■ Input data
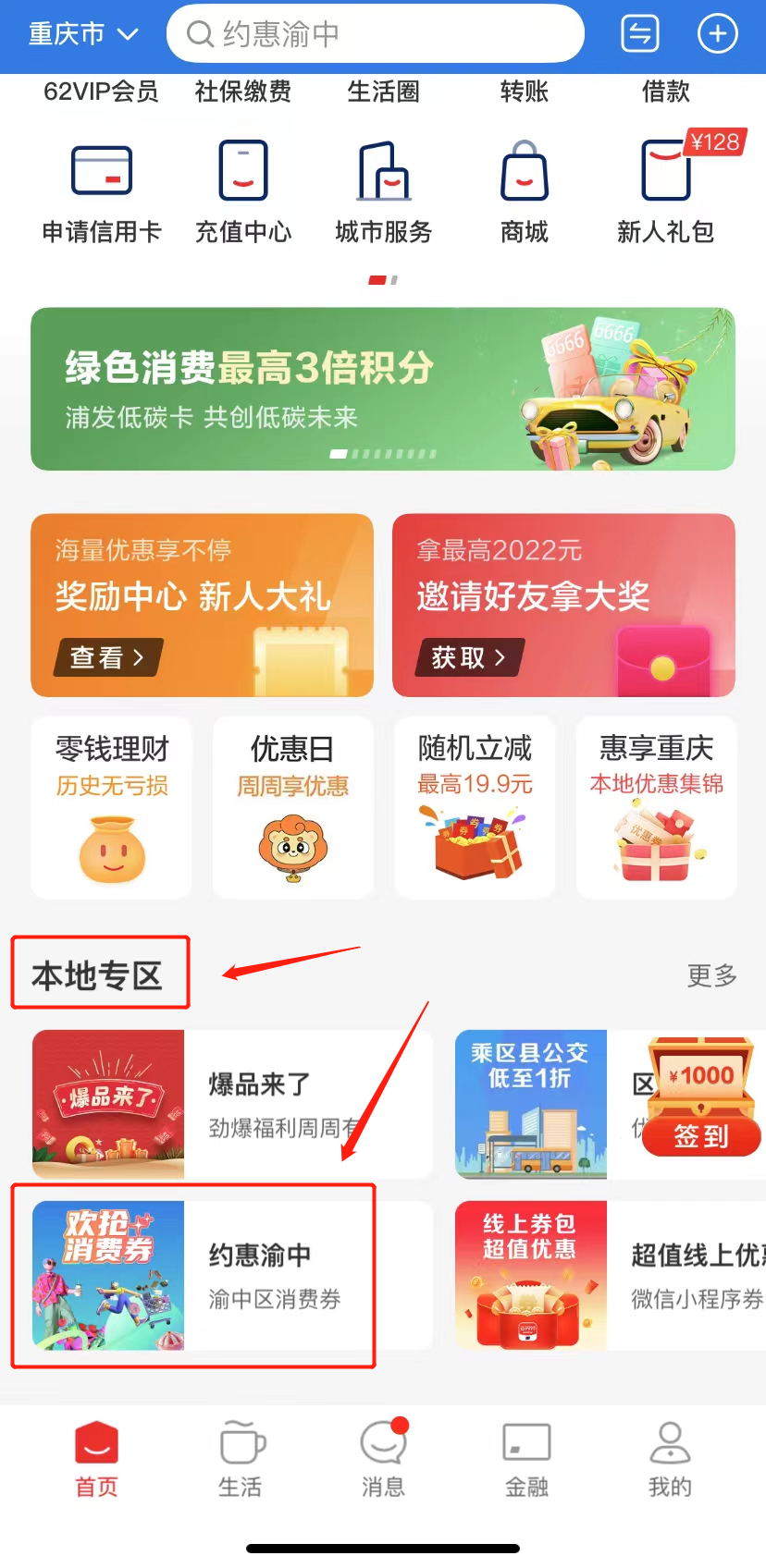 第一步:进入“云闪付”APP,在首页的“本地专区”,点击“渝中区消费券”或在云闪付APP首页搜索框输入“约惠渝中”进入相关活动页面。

==

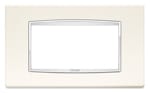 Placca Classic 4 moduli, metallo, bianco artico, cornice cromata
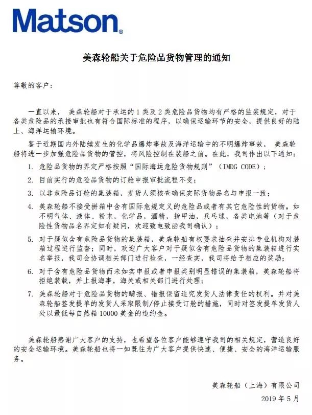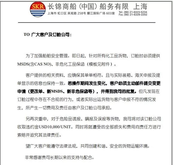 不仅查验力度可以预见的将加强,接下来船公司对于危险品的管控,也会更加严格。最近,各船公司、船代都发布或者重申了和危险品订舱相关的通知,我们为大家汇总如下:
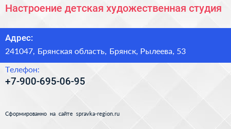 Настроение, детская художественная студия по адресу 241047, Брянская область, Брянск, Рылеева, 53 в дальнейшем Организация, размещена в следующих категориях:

■ Activity
In the data above, take the line with "Placca Classic 4", the line with "不仅查验力度可以预见的将加强", and every line between, and set them down exactly without pictures.

■ Response
 Placca Classic 4 moduli, metallo, bianco artico, cornice cromata
 不仅查验力度可以预见的将加强,接下来船公司对于危险品的管控,也会更加严格。最近,各船公司、船代都发布或者重申了和危险品订舱相关的通知,我们为大家汇总如下:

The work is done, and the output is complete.